### Exercise prompt
Please return exactly the line that contains "1.右键下载的插件压缩包,并【解压到当前文件夹】" and every line after it, through the last line of the records below, with no pictures.
BEGIN Records
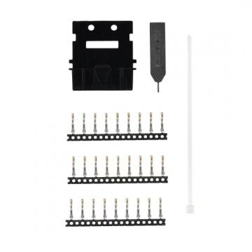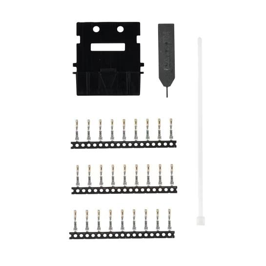 PMLN5072A - Rear Mobile Connector Kit to zestaw do mobilnych radiostacji MOTOTRBO. Zawiera obudowę złącza, 1 opaskę kablową, 27 pinów lutowniczych/zaciskowych i narzędzie do usuwania pinów.
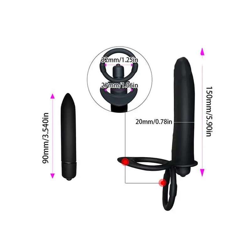 Ерекційне кільце з вібрацією і фалоімітатором для подвійного проникнення - це віброфалоімітатор, який одягається на пеніс і мошонку за допомогою кільця.Також з таким секс-аксесуаром Ви зможете забезпечити не тільки вагінальну стимуляцію, а й стимуляцію клітора і ануса!Колір: ЧорнийХарактеристика: Матеріал: Силікон Розмір: 15 см х 2 см Кількість швидкостей: 10 Рівень шуму: 50 дБ Водонепроникність: IPX7 Живлення: від 1 батарейки типу ААА Діаметр кілець 3,7 см і 2,7 см
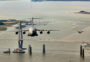 C-5 Galaxy; C-17 Globemaster III; C-130 Hercules; C-141 Starlifter; KC-10 Extender; KC-135 Stratotanker.
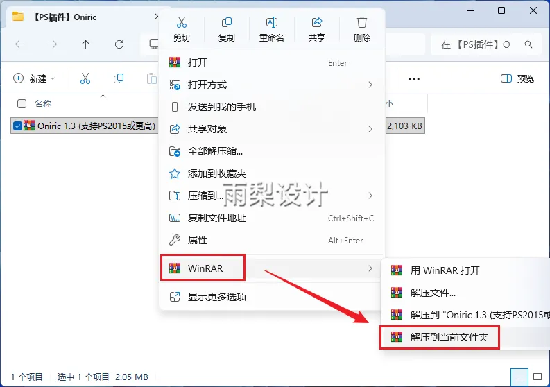 1.右键下载的插件压缩包,并【解压到当前文件夹】
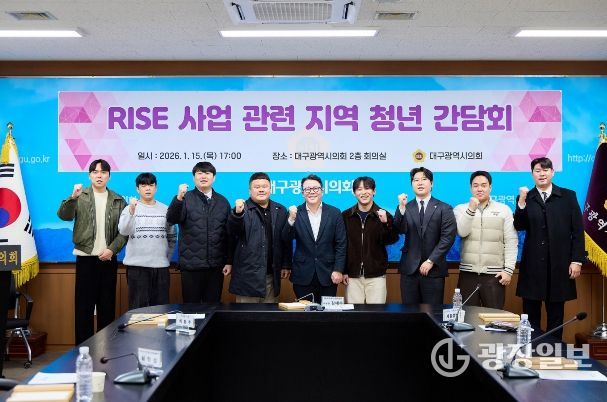 광장일보 주재영 기자 | 대구시의회 김태우 예산결산특별위원장(수성구5)은 1월 15일 시의회 2층 회의실에서 지역 청년 대표들과 함께 RISE(지역혁신중심 대학지원체계) 사업 관련 간담회를 개최했다.
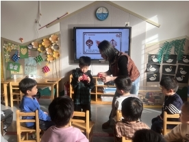 幼儿在教师引导下观察剪纸作品
END Records
### Answer to the exercise
 1.右键下载的插件压缩包,并【解压到当前文件夹】
 광장일보 주재영 기자 | 대구시의회 김태우 예산결산특별위원장(수성구5)은 1월 15일 시의회 2층 회의실에서 지역 청년 대표들과 함께 RISE(지역혁신중심 대학지원체계) 사업 관련 간담회를 개최했다.
 幼儿在教师引导下观察剪纸作品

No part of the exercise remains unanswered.